Give back exactly the lines from the one holding "第90+2分钟,阿扎尔倒三角" to the bottom of the material, both included, and nothing more. No pictures.

*Recorded data*:
==*==

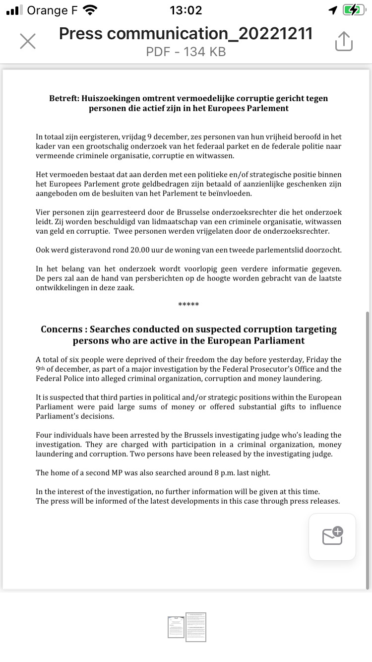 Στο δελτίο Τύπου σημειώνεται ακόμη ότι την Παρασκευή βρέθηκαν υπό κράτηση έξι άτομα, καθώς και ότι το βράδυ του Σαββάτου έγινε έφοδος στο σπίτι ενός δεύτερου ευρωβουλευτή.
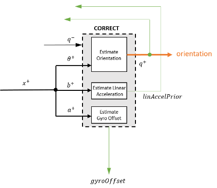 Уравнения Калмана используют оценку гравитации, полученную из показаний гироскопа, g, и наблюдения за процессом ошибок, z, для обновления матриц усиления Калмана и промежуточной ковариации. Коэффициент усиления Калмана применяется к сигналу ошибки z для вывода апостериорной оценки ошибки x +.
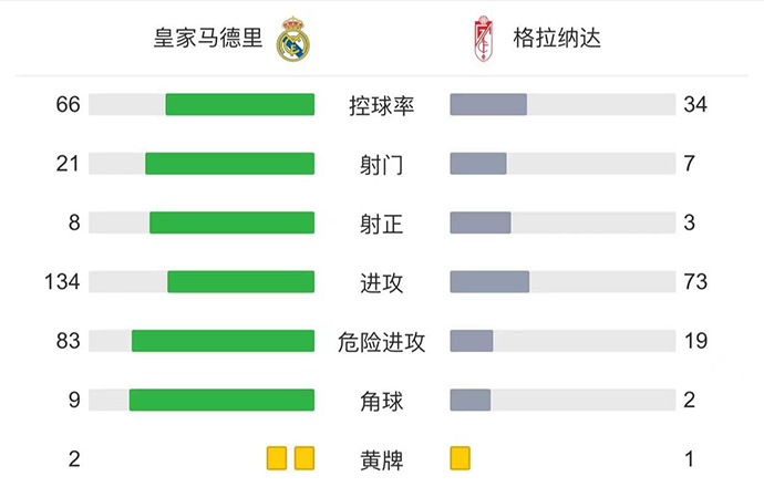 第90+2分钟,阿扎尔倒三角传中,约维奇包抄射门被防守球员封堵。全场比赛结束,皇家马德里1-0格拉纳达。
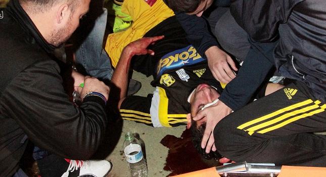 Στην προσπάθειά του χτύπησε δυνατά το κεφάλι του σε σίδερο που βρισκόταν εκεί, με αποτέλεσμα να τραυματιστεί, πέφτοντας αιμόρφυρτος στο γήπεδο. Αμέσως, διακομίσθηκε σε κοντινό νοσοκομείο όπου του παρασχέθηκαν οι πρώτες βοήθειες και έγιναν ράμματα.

==*==

*Task answer*:
 第90+2分钟,阿扎尔倒三角传中,约维奇包抄射门被防守球员封堵。全场比赛结束,皇家马德里1-0格拉纳达。
 Στην προσπάθειά του χτύπησε δυνατά το κεφάλι του σε σίδερο που βρισκόταν εκεί, με αποτέλεσμα να τραυματιστεί, πέφτοντας αιμόρφυρτος στο γήπεδο. Αμέσως, διακομίσθηκε σε κοντινό νοσοκομείο όπου του παρασχέθηκαν οι πρώτες βοήθειες και έγιναν ράμματα.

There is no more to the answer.